Musicians, live music lovers, people of NSW, and general folks who think small scale culture should be given a chance to survive and thrive: on October 26th this year and every year i need you to do me a small favour. Should you see this man in the street, pass him in a pub, or stand behind him in a line at the supermarket i ask you to do one small thing. Buy him a beer. Seriously, you owe him one.
October 26th in NSW is buy John Wardle a beer day.
I have no idea who has the power to officially declare a public holiday in NSW but as far as i’m concerned i’m just calling it.
I am a cynical prick. Very little impresses me. Yet every now and then something happens that truly inspires me.

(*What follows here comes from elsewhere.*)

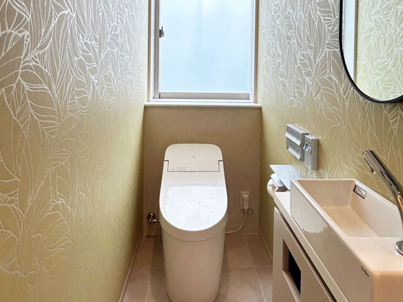 丸みのあるミラーをアクセントに、植物柄に包まれるリラックス空間。

Occasionally someone pulls off something that i had every reason to dismiss as truly impossible. John Wardle’s immense efforts (and by that i mean years, and years of relentless research, lobbying cajoling, organising and generally just fucking persisting when most sane folks would have thrown in the towel) he put into reforming NSW’s dreaded Place of Public Entertainment (PoPE) laws falls into that category.
Put simply, until the stupid laws were finally done away with on 26th of October last year you could do pretty much everything in a NSW pub, cafe or gallery without tonnes of red tape except play live music or perform anything live.
As John himself put it:
PoPEs really said a lot about us – that if you told a story or sang a song you were regulated out of existence but if you watched sport or gambled you were exempt.
On October 26th last year the NSW Government finally changed the laws after much effort from John and no doubt much assistance from his friends and colleagues. You can read about the changes here but in practical terms it means that performing live music in NSW is relatively simple where it was once impossibly hard. Already in NSW a lot more venues have a lot more live music because the rules changed so they were suddenly legally allowed to.
John himself has compiled a list of about 50 new places that have become live venues since the laws the have changed – no doubt there are plenty more. It’s a small crack of light that has turned back the forces of darkness and poker machines and a reminder that the stupid and unjustifiable is always untenable in the long run.
Mostly these kinds of efforts, these kinds of changes go unnoticed. Many people, many, many people benefit from them but few realise what effort it took to make it happen. Even i only have the slightest inkling for how far and how hard they needed to push. Indeed the only person in the NSW parliament’s public gallery that night was John:
Its funny – the night the amendments passed to the Planning Act was just like the night the associated changes to the Liquor Act went through.. I was the only person in the gallery, and was called upon to assist… there was no-one around. I walked out later into the Sydney night ..by myself..
Frankly, there should have been a bloody parade.
John Wardle, Sir, i doff my metaphorical hat to you, and this coming tuesday i will raise my actual glass. On account of the fact i will be in another state on the actual day you can take a raincheck on that beer from me any time you like. The rest of you, you all owe him big time.